In this project, we will explore and develop a pipeline to detect vehicles in given video or image. The goals / steps of this project are the following:
- Extract features on a labeled training data provided by Udacity using various techniques including HOG, color transform, hisotrams of colors, and etc.
- Train the Classifier
- Use sliding-window technique to search for vehicles in a given image or video that is identified by classifier.
- Use heat map to reduce false positives and outliers by taking average of heap map over frames.
- Using the averaged heat map, identify bounding box for vehicles detected.
- Integrate Advanced Lane finding project result into the final pipeline.
- Implement the entire pipeline on a given image or video
Different color spaces such as RGB, YUV, LUV, and YCrCb was explored along with adjustment to HOG channels and other parameters. After implementing and testing in several test images and videos for all different settings, optimized configuration was selected. Here is example of exploring color space and HOG.
The parameters with highest accuracy from classifier didn't necesarilly do best in the video. For the pipeline, color space of 'YCrCb', HOG orientation of 9, HOG pixels per cell of 8, HOG cells per block of 2, and all channels of the 'YCrCb' was used for final features. Below is a code for extracting hog features as well as visualization. Code for this step can be found in pipeline.ipynb in functions section.
def get_hog_features(img, orient, pix_per_cell, cell_per_block,
vis=False, feature_vec=True):
# Call with two outputs if vis==True
if vis == True:
features, hog_image = hog(img, orientations=orient,
pixels_per_cell=(pix_per_cell, pix_per_cell),
cells_per_block=(cell_per_block, cell_per_block),
transform_sqrt=True,
visualise=vis, feature_vector=feature_vec)
return features, hog_image
# Otherwise call with one output
else:
features = hog(img, orientations=orient,
pixels_per_cell=(pix_per_cell, pix_per_cell),
cells_per_block=(cell_per_block, cell_per_block),
transform_sqrt=True,
visualise=vis, feature_vector=feature_vec)
return features
Histogram features and Spatial features were added on to the final features also for the final feature length of 6156.
Sample size of 8000 cars and non-cars were used to extract features and train the classifier. For future use, the features were extracted and saved to not run the extraction repeatedly. After extracting the features, StandardScaler function from sklearn was used to normalize the extracted features from different methods so everything can have equal weight.
To define the labels for classifier, all cars were assigned to 1 and non-cars were assigned to 0. The feature set was shuffled and divided into training and test set of 80:20 using train_test_split function from sklearn.
The LinearSVC classifier from sklearn was chosen for the final classifier as it easily achieved the accuracy of 99%. The code for training can be found at pipeline.ipynb 'Train the Classifier' section.

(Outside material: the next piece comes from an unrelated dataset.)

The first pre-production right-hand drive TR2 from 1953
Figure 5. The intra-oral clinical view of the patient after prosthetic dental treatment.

Experimentation with set window size for sliding window search showed that it either missed or mis-classified vehicles. To make the pipeline more robust, scaled window search was used.

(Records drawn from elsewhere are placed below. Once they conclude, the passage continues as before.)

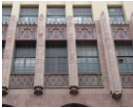
DJs former Coles_rear facade detail_16 Jan 08
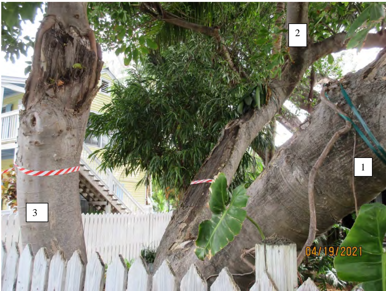
Standing on sidewalk looking at tree trunks, view 2.
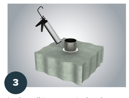
Apply caulking as required to close remaining gap to both sides of floor assembly; providing a smoke and gas resistant seal. Spread caulking smoothly and evenly all around.

As seen on the image above, different sizes of windows were used at different locations of the image to adapt to varying size of vehicles on the image. Having multiple sizes of windows overlapping on the 'Hot' spots where vehicles usually show up made the search more robust. After running the scaled window search in various images and videos, scaled window sizes and overlaps were determined.

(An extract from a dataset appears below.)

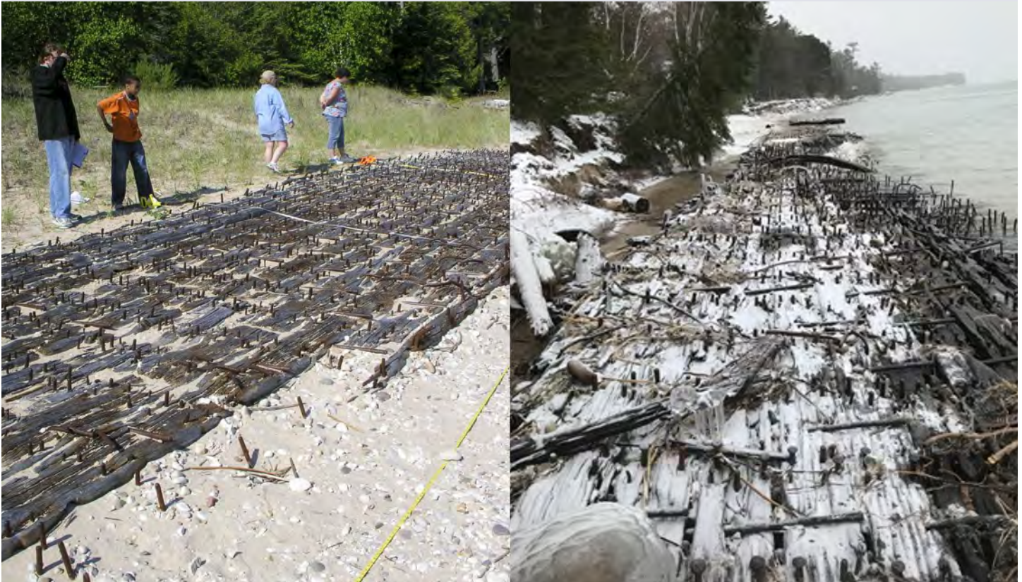
The beached starboard hull of the Joseph S. Fay could be impacted by increasingly fluctuating lake levels.

Chemical degradation of the Fay could also be accelerated by lake acidification , an increase in the acidity of water due to uptake of carbon dioxide. 9,18,19 Metallic portions of the wreck are the most likely to be impacted by acidification. 9,20 Copper, such as in the Fay's hull sheathing, is particularly sensitive to acidity. 9,20 Warming waters also increase the rate of chemical reactions, accelerating chemical and biological degradation. 6

To reduce the false positives detected by the classifier and to put a bounding box to the detected vehicle's location, heatmap was implemented.
The number of positive hits by sliding window search made the boxes overlap which was converted into heatmap where it could be thresholded to eliminate the false positive and clean up the positive. Label function from scipy library was used to label heatmap cluster to vehicle. The code can be found at the 'Visualize heat map' sectioin in pipeline.ipynb file.
(https://www.youtube.com/watch?v=UstIcRWLE0Q)
For the video implementation, average of heatmap over 10 frames were used to smooth out the bounding boxes for the detected vehicles and reduce false positives on the video. Lane finding from previous project was also implemented in the video.
By increasing the number of search windows while scaled to different sizes gave the pipeline more robust detection of vehicles but it also increased the process time significantly. To improve the model, optimizing the pipeline to speed the process up would be a priority.
Few things to try in the future would be implementing HOG feature extration in the entire image and not the individual subsampling of slide windows. This would speed up the process significantly. We can also try to use neural network to identify vehicles which could be much faster.